== SOURCE MATERIAL ==
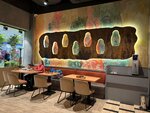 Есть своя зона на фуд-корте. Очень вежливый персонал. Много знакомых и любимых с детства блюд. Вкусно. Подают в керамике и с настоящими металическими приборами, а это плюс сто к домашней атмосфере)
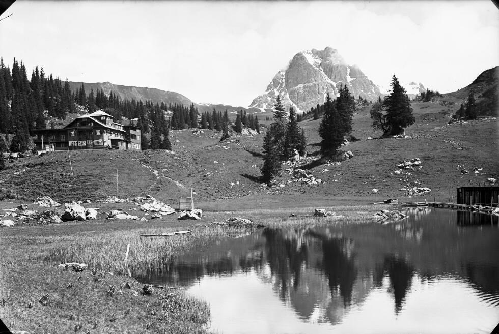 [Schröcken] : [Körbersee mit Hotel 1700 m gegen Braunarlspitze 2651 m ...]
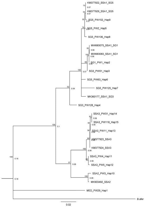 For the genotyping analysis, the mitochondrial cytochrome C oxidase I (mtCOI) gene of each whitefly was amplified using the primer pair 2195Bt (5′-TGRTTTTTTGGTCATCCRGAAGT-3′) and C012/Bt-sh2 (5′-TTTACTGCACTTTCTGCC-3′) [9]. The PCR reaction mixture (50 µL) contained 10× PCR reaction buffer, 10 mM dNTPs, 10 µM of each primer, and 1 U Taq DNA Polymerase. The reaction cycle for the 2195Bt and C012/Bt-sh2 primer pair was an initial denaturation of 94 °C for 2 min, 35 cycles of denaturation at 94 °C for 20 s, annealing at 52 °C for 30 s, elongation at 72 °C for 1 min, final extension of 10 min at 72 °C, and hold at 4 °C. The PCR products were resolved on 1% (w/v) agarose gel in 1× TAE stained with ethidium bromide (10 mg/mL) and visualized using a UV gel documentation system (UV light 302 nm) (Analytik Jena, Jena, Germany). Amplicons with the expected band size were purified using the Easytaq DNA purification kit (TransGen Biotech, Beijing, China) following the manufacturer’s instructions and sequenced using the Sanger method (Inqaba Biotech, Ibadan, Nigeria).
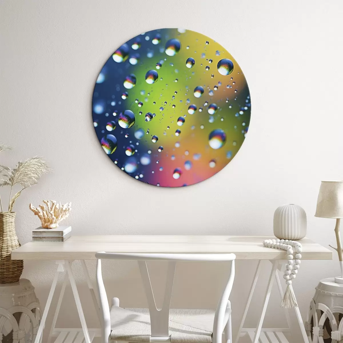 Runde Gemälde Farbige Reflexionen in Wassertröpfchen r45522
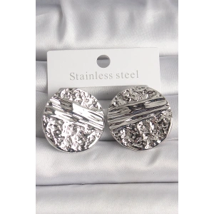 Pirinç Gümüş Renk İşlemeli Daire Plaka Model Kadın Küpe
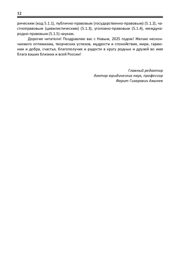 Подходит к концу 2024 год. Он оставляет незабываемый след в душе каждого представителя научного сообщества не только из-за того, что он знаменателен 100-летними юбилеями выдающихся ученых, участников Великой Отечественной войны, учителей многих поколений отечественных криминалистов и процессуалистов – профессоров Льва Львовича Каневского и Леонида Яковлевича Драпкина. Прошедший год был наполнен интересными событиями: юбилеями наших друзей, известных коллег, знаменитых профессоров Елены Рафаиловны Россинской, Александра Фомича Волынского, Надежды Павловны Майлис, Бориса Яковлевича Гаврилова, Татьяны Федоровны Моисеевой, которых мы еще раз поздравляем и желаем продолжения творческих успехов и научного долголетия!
* * *
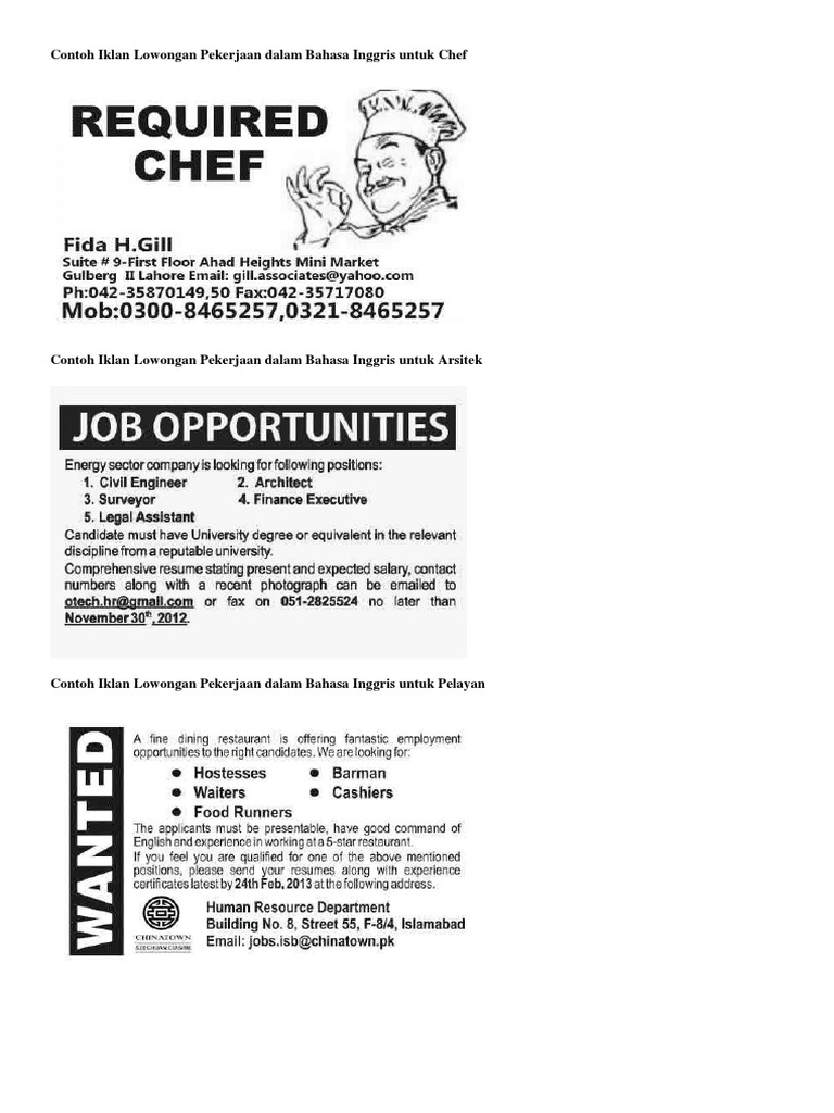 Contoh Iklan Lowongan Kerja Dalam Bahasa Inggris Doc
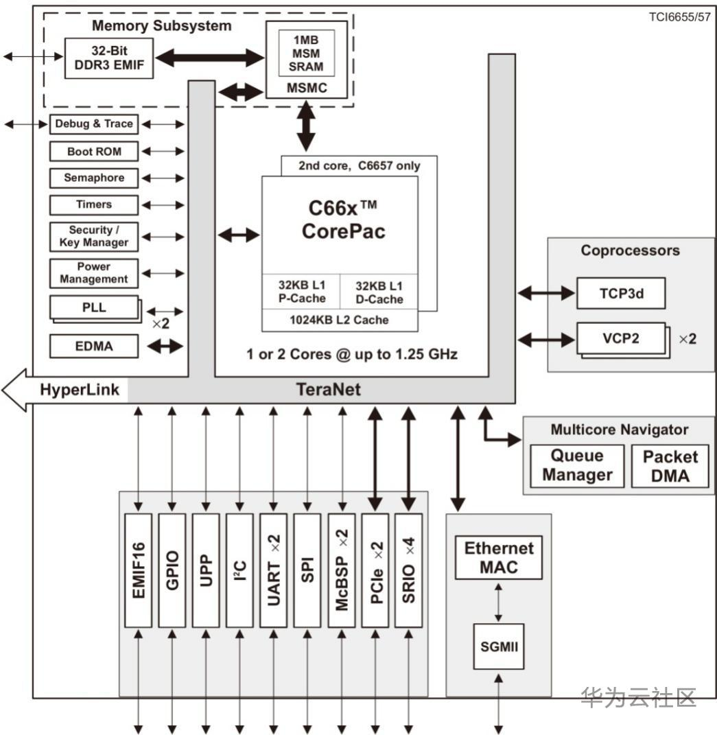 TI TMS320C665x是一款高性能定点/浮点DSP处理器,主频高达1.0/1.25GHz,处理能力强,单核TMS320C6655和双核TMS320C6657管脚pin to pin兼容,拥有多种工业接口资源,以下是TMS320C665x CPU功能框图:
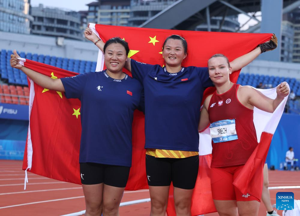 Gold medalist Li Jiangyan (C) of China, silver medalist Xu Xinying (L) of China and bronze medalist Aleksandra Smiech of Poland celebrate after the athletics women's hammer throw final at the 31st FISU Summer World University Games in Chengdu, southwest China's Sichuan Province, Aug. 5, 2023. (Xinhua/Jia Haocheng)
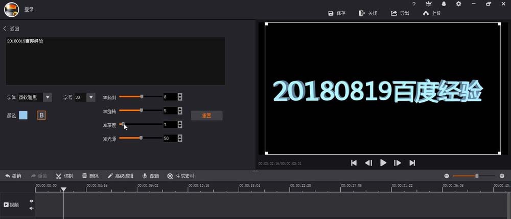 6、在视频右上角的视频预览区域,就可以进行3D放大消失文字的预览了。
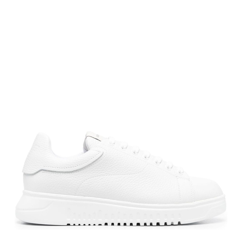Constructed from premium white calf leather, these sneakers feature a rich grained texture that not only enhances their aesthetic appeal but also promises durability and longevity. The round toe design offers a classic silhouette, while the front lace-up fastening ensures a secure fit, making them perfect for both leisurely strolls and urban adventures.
--
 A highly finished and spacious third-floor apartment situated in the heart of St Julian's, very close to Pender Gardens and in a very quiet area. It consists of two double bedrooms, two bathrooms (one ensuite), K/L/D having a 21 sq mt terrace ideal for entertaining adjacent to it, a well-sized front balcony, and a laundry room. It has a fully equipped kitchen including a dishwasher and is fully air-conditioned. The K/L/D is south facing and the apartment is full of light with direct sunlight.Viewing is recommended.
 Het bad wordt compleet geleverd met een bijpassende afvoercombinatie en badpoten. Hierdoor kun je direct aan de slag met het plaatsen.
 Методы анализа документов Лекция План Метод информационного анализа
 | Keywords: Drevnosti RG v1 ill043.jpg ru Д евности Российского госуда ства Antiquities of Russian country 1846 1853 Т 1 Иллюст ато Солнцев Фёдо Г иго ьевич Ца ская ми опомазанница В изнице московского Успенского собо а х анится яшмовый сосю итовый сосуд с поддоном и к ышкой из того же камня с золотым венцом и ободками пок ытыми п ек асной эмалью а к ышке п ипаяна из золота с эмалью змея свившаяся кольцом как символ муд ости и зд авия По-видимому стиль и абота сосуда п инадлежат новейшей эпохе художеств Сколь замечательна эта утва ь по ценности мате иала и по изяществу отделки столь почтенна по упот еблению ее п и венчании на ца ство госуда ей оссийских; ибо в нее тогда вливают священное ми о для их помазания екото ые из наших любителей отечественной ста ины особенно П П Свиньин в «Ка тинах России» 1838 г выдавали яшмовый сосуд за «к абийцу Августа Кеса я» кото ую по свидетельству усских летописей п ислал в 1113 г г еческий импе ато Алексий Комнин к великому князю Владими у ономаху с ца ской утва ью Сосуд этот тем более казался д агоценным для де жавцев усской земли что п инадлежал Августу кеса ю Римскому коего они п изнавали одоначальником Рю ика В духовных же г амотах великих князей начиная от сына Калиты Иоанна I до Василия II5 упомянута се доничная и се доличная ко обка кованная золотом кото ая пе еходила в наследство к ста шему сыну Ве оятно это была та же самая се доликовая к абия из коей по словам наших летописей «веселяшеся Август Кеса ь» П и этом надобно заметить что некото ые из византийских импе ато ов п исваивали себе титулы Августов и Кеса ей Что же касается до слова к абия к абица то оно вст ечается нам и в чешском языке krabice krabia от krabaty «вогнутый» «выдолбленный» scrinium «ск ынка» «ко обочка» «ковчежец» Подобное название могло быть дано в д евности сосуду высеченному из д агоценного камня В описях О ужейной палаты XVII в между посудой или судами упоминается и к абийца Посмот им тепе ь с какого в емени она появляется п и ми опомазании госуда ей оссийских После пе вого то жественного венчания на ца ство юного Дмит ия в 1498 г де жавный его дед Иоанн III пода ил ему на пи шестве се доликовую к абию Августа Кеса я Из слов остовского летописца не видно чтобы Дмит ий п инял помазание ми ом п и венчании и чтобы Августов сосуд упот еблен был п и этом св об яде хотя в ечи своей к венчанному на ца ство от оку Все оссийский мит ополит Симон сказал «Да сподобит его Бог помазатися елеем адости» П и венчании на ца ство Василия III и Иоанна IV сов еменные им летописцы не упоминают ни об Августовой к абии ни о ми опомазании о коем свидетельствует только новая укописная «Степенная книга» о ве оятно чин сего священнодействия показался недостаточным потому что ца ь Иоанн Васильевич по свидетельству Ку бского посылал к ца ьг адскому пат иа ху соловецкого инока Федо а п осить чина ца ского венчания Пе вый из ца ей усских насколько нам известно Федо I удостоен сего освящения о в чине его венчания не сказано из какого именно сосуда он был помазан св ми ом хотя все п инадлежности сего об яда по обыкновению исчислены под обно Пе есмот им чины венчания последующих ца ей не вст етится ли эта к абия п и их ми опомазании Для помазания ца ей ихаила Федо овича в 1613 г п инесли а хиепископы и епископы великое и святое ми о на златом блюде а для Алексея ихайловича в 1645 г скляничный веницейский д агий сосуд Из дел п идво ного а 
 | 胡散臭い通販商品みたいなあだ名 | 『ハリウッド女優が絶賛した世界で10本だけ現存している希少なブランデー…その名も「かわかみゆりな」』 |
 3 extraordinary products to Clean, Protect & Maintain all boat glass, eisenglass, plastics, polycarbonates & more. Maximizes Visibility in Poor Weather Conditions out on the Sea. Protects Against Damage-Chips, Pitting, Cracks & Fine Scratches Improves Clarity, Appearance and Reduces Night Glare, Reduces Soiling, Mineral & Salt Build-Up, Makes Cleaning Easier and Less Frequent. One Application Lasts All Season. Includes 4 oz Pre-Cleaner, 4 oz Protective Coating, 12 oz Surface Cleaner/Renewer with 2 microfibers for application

== PROBLEM TO SOLVE ==
Your task is to copy only the lines above starting at the one containing "[Schröcken] : [Körbersee" and ending at the one containing "Подходит к концу". Copy them exactly, both ends included, and omit the pictures.

== SOLUTION TO THIS TASK ==
 [Schröcken] : [Körbersee mit Hotel 1700 m gegen Braunarlspitze 2651 m ...]
 For the genotyping analysis, the mitochondrial cytochrome C oxidase I (mtCOI) gene of each whitefly was amplified using the primer pair 2195Bt (5′-TGRTTTTTTGGTCATCCRGAAGT-3′) and C012/Bt-sh2 (5′-TTTACTGCACTTTCTGCC-3′) [9]. The PCR reaction mixture (50 µL) contained 10× PCR reaction buffer, 10 mM dNTPs, 10 µM of each primer, and 1 U Taq DNA Polymerase. The reaction cycle for the 2195Bt and C012/Bt-sh2 primer pair was an initial denaturation of 94 °C for 2 min, 35 cycles of denaturation at 94 °C for 20 s, annealing at 52 °C for 30 s, elongation at 72 °C for 1 min, final extension of 10 min at 72 °C, and hold at 4 °C. The PCR products were resolved on 1% (w/v) agarose gel in 1× TAE stained with ethidium bromide (10 mg/mL) and visualized using a UV gel documentation system (UV light 302 nm) (Analytik Jena, Jena, Germany). Amplicons with the expected band size were purified using the Easytaq DNA purification kit (TransGen Biotech, Beijing, China) following the manufacturer’s instructions and sequenced using the Sanger method (Inqaba Biotech, Ibadan, Nigeria).
 Runde Gemälde Farbige Reflexionen in Wassertröpfchen r45522
 Pirinç Gümüş Renk İşlemeli Daire Plaka Model Kadın Küpe
 Подходит к концу 2024 год. Он оставляет незабываемый след в душе каждого представителя научного сообщества не только из-за того, что он знаменателен 100-летними юбилеями выдающихся ученых, участников Великой Отечественной войны, учителей многих поколений отечественных криминалистов и процессуалистов – профессоров Льва Львовича Каневского и Леонида Яковлевича Драпкина. Прошедший год был наполнен интересными событиями: юбилеями наших друзей, известных коллег, знаменитых профессоров Елены Рафаиловны Россинской, Александра Фомича Волынского, Надежды Павловны Майлис, Бориса Яковлевича Гаврилова, Татьяны Федоровны Моисеевой, которых мы еще раз поздравляем и желаем продолжения творческих успехов и научного долголетия!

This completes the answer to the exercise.